- Theatrical release poster
- Directed by: Drew Mylrea
- Screenplay by: Josh Janowicz
- Produced by: Shaun Sanghani; Sunil Perkash; Akaash Yadav; Michael Jefferson;
- Starring: Drew Van Acker; Alicia Silverstone; Stephen Moyer;
- Cinematography: Julian Amaru Estrada
- Edited by: Bradley McLaughlin
- Music by: David Deutsch
- Production companies: Yadav Productions; Perkash Productions; El Ride Productions; Young at Heart Entertainment; SSS Entertainment;
- Distributed by: Vertical Entertainment
- Release dates: November 4, 2021 (Leeds); January 6, 2022 (DirecTV); February 4, 2022 (United States);
- Country: United States
- Language: English

= Last Survivors =

Last Survivors (formerly titled SHTF) is a 2021 American thriller film directed by Drew Mylrea in his feature directorial debut and starring Drew Van Acker, Alicia Silverstone and Stephen Moyer. It takes place in a post-apocalyptic world where for the past twenty years Troy (Stephen Moyer) has raised his now grown son, Jake (Drew Van Acker), in isolation in the woods miles away from any remnants of civilization.

==Plot==
Troy and his son Jake have been living off the grid for over twenty years in the wake of an apocalyptic event that destroyed much of civilization and left the survivors desperate. Troy has constantly drilled Jake on the necessity of assuming any outsider is a clear and immediate danger that must be eliminated; he kills and buries anyone who happens upon them. One day an outsider shoots Troy, and Jake must leave to bring back antibiotics. He sees a woman working outside a house, but can't bring himself to kill her as his father instructed he do with anyone he encountered. He sneaks into her house to find antibiotics and steroids and returns home.

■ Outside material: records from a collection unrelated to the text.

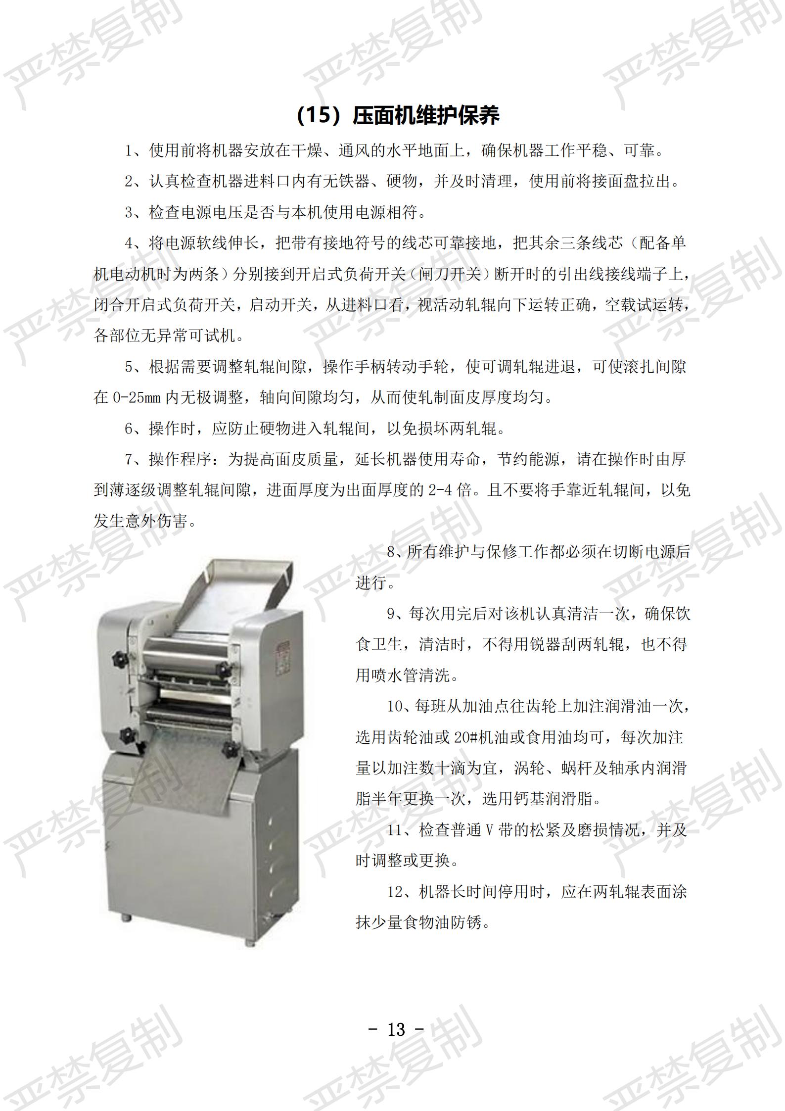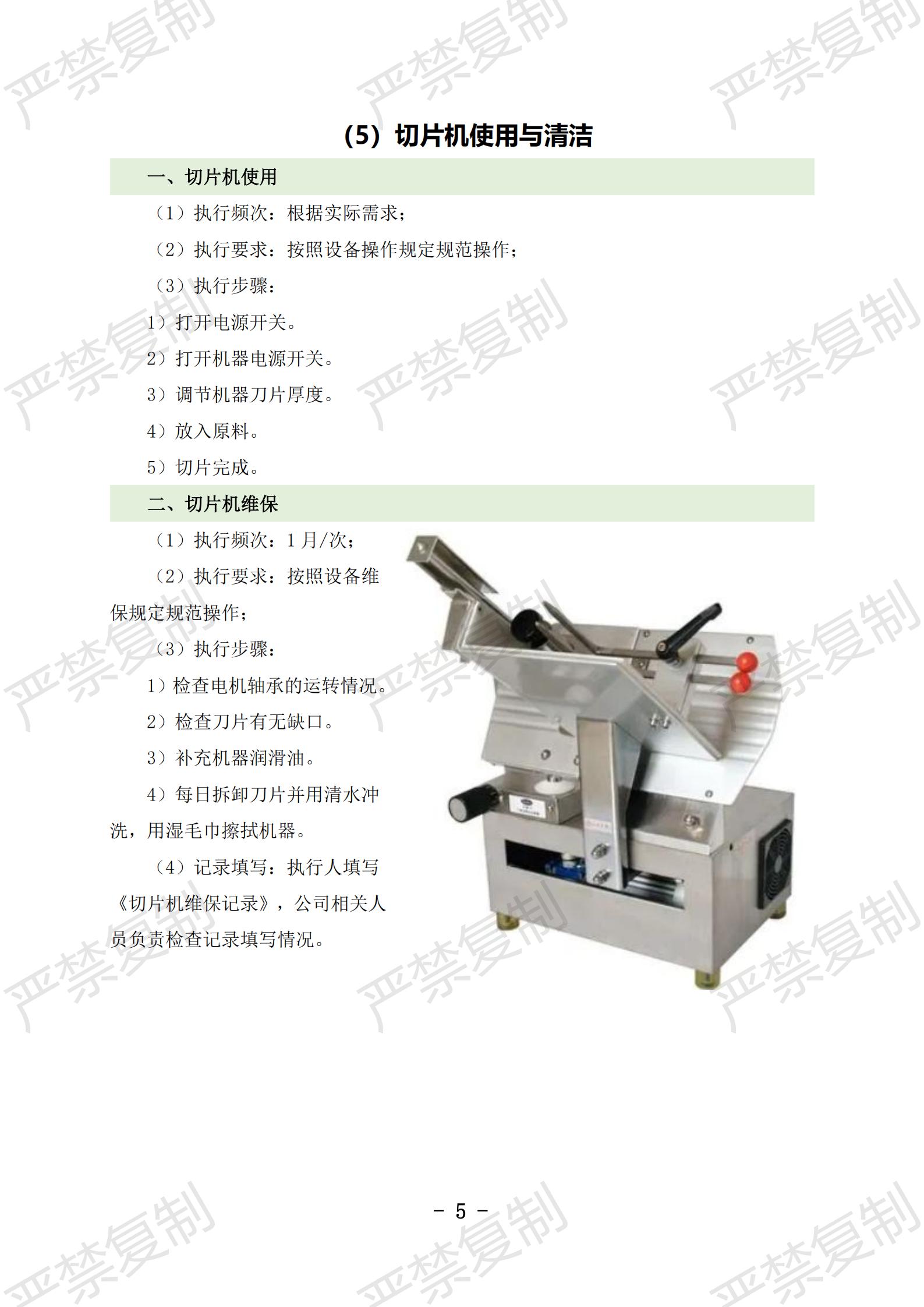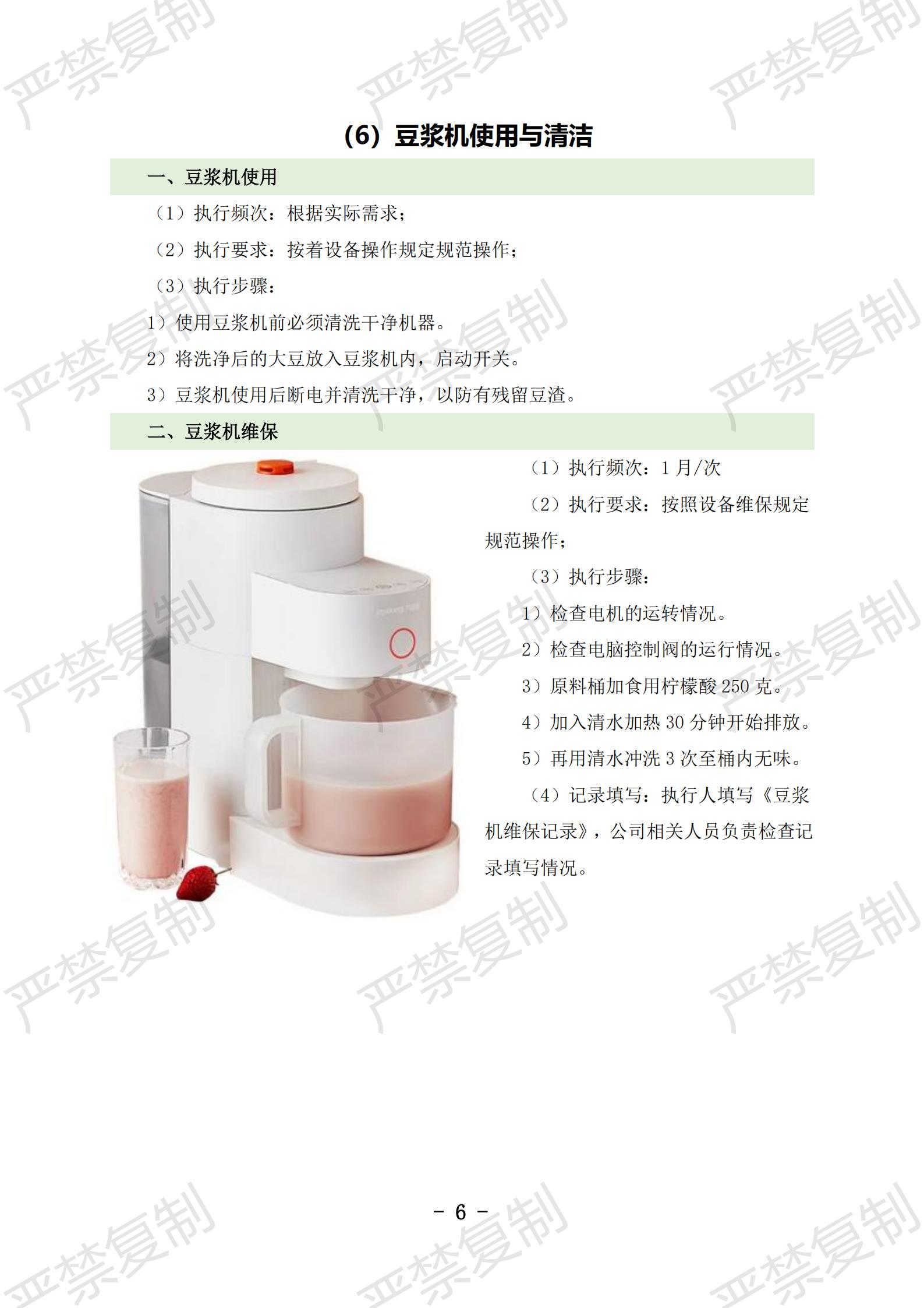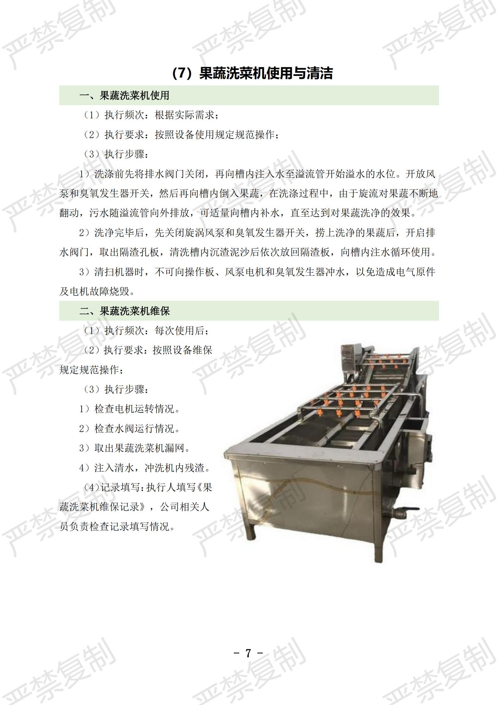 (1)炉灶使用与清洁;(2)冰柜使用与清洁;(3)冷藏库使用与清洁;(4)洗碗机使用与清洁;(5)切片机使用与清洁;(6)豆浆机使用与清洁;(7)果蔬洗菜机使用与清洁;(8)消毒柜使用与清洁;(9)垃圾处理库使用与清洁;(10)隔油池清理;(11)保温工作台使用与清洁(12)双层电烤箱维护保养;(13)发酵箱维护保养;(14)和面机维护保养;(15)压面机维护保养;(16)保温热汤池维护保养;
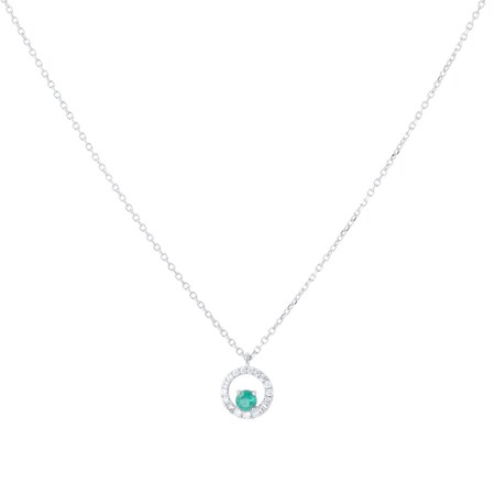 The round, 3mm emerald is the focal point of this beautiful pendant. Its rich hues are playfully surrounded by an open halo of sparkling brilliant cut diamonds, totalling 0.09ct, accentuating the emeralds beauty.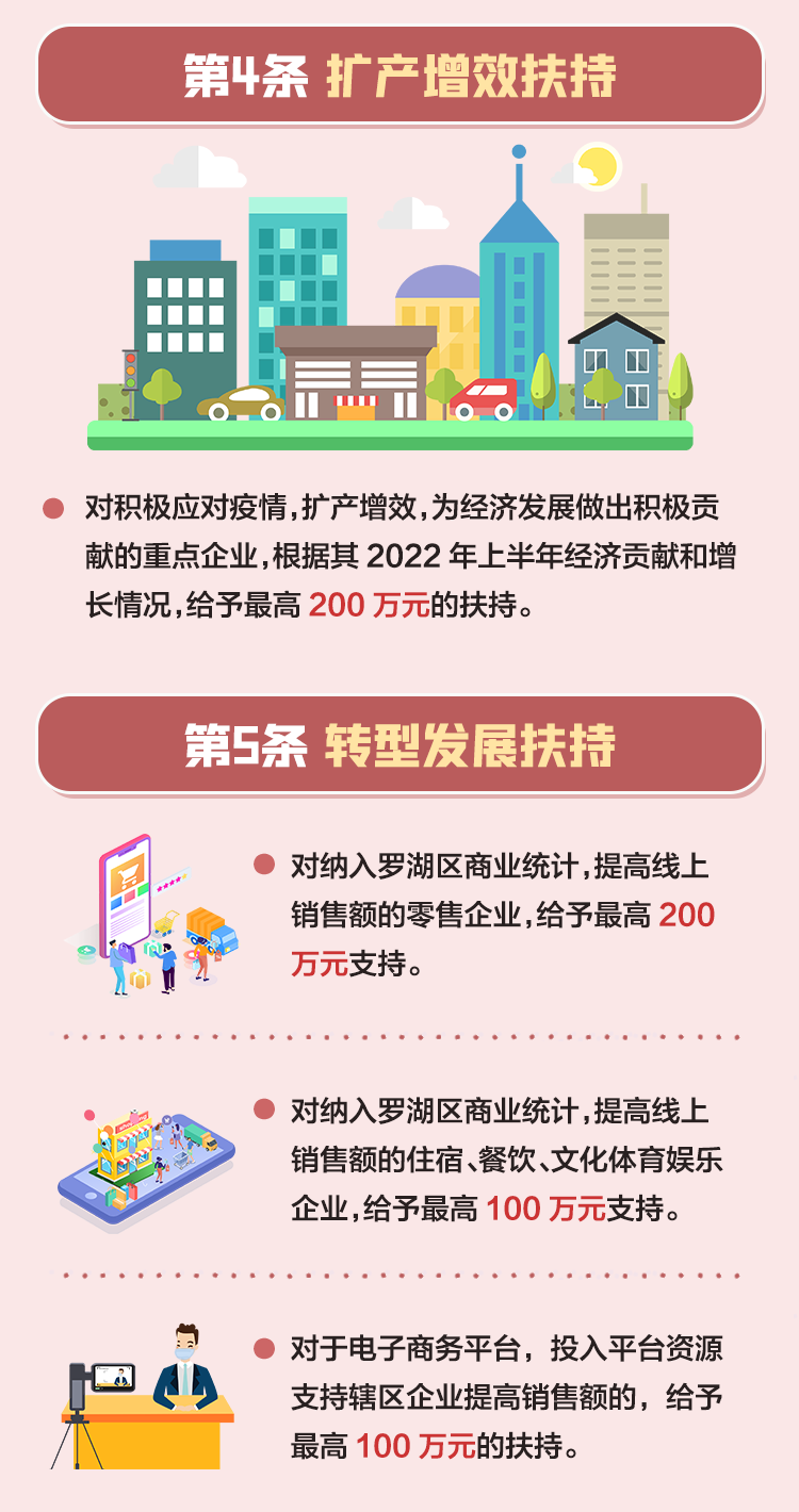 支持零售企业开展网络销售,对纳入罗湖区商业统计,积极开发线上销售平台,优化物流支撑体系,提高其网络销售额的零售企业,按照企业本年度3、4月份线上销售额增量部分,给予最高200万元支持。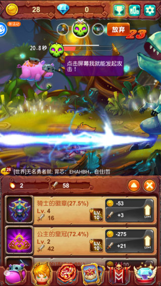 3、能够把挂机攻击和手动点击操作结合起来,在指定时间内击败首领,就能获得胜利。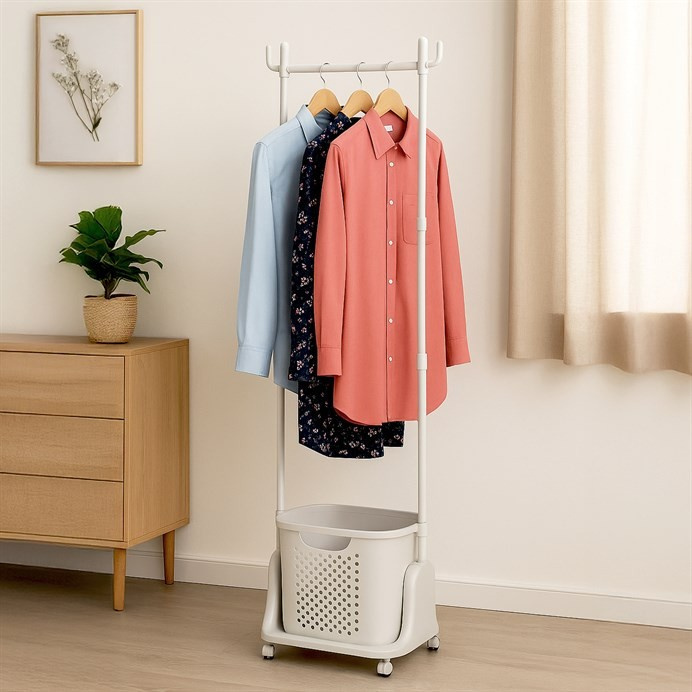 Praktický věšák na šaty s košem na prádlo značky Autronic je dokonalým spojením funkčnosti a elegance. Bílá konstrukce z kvalitního plastu je lehká, stabilní a snadno udržovatelná. Horní část nabízí dostatek prostoru pro zavěšení oblečení, zatímco spodní integrovaný koš na prádlo slouží jako praktický úložný prostor. Díky kolečkům je věšák snadno přemístitelný a hodí se do předsíně, ložnice nebo koupelny. Minimalistický design v bílém provedení zapadne do každého interiéru a usnadní organizaci vašeho domova.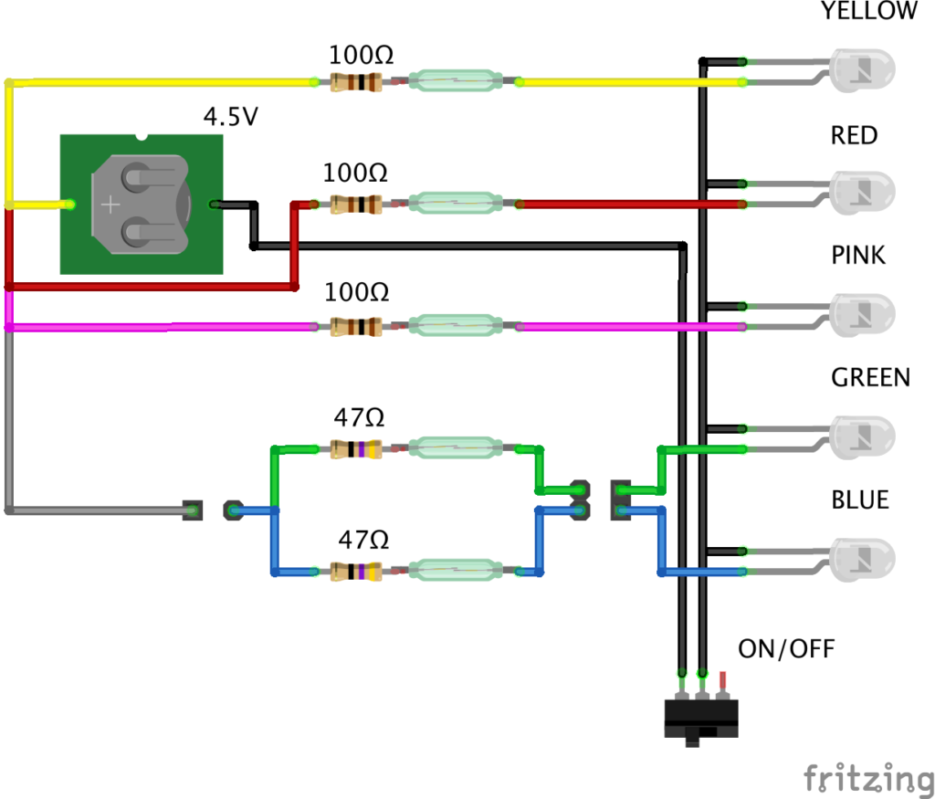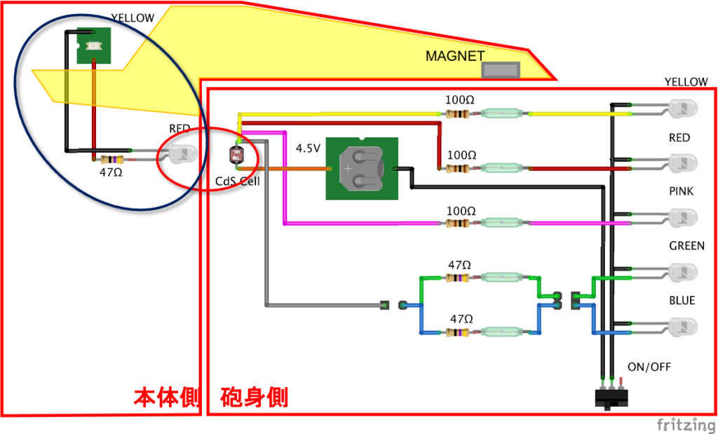 さて、これで「砲身が回転すれば銃口が発光する」という仕組みができました。回路図で表すとこんな感じになります。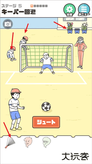 点击远处花坛可以获得一个纸扇,用它击打旁边的两位同学即可获得灵魂,将灵魂放到主角身上即可附身,然后射门就可以进球了,进球后就能过关了。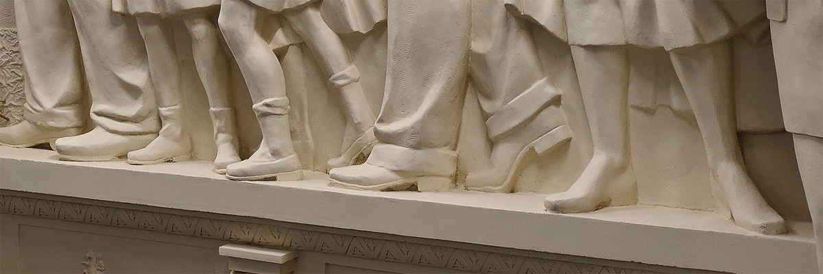 В этой статье я не буду говорить ни о художественной композиции, ни о естественности поз, ни о своем отношении к Сталину. Поговорим о причудах природы. Именно на них я советую обратить внимание в нашей композиции. Тщательно прорисованная обувь почти всех персонажей лишь подчеркивает единственное исключение – женщина, с интегрированными в ступни органическими каблуками. Интересно, какого же греха этот мутантский плод.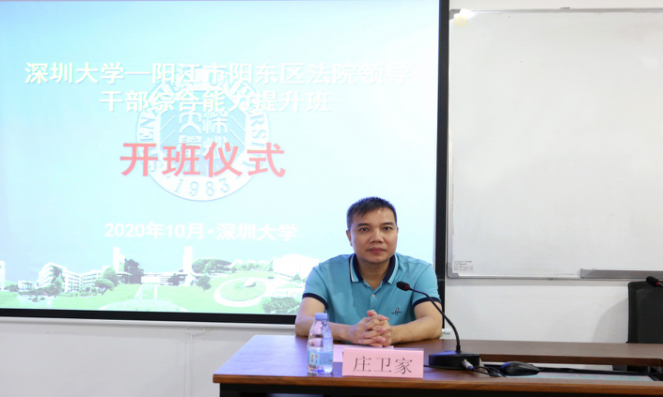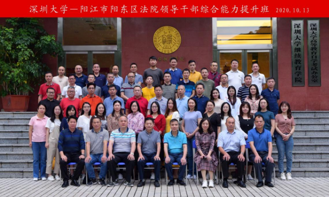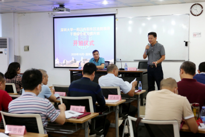 10月13日,阳江市阳东区法院领导干部综合素能提升班在深圳大学继续教育学院开班,阳江市阳东区人民法院党组成员、副院长庄卫家作开班讲话,深圳大学继续教育学院副院长刘子华致欢迎词,共56位学员参加培训。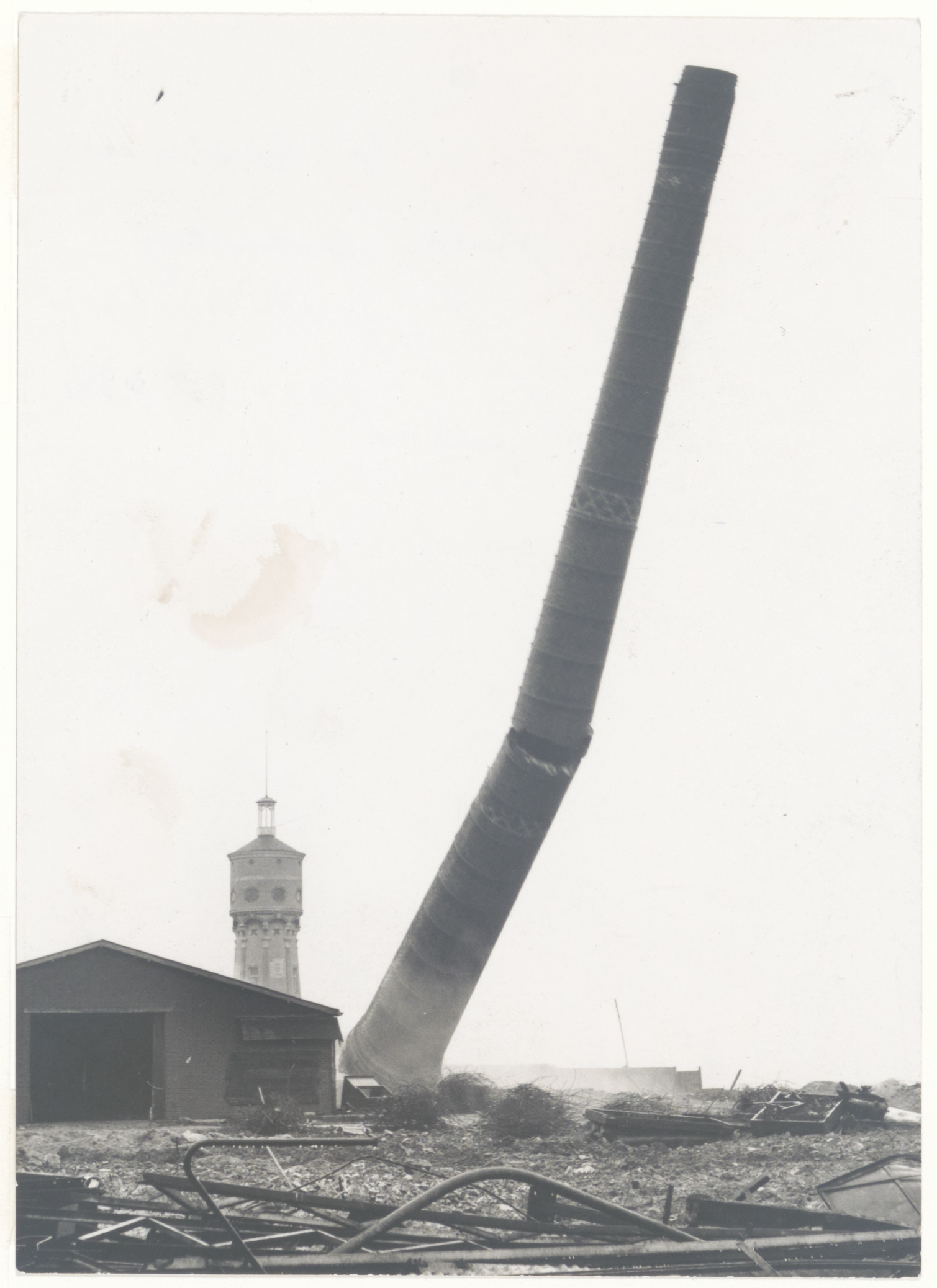 - Sloop van de schoorsteen van zoutziederij J. de Bondt in Zwijndrecht. Op de achtergrond de watertoren.

Jake hides some food to make his father think they have less than they do so he has an excuse to go hunting, and he returns to the woman's home and confronts her; she tells him her name is Henrietta. As they talk it becomes obvious to the viewer that there has been no generalized apocalyptic event.

Troy becomes suspicious of Jake, and Jake starts to doubt Troy's accounts of the state of the outside world.

==Cast==
- Drew Van Acker as Jake
- Alicia Silverstone as Henrietta
- Stephen Moyer as Troy

==Production==
Principal photography occurred in Butte, Montana and wrapped in January 2021.

==Reception==

Martin Unsworth of Starburst awarded the film 3/5 stars writing that "Last Survivors treads the well-worn path of post-apocalyptic films but manages to keep things engaging." Angie Han of The Hollywood Reporter gave the film a negative review and wrote, "it’s clearly a film with a lot on its mind (...) but its reticence keeps it from exploring the more challenging, and possibly more rewarding, paths laid out before it."

Tara McNamara of Common Sense Media rated it 4/5 star writing that "this indie isn't going to change lives, but for evening of entertainment, it'll certainly give your family something to talk about."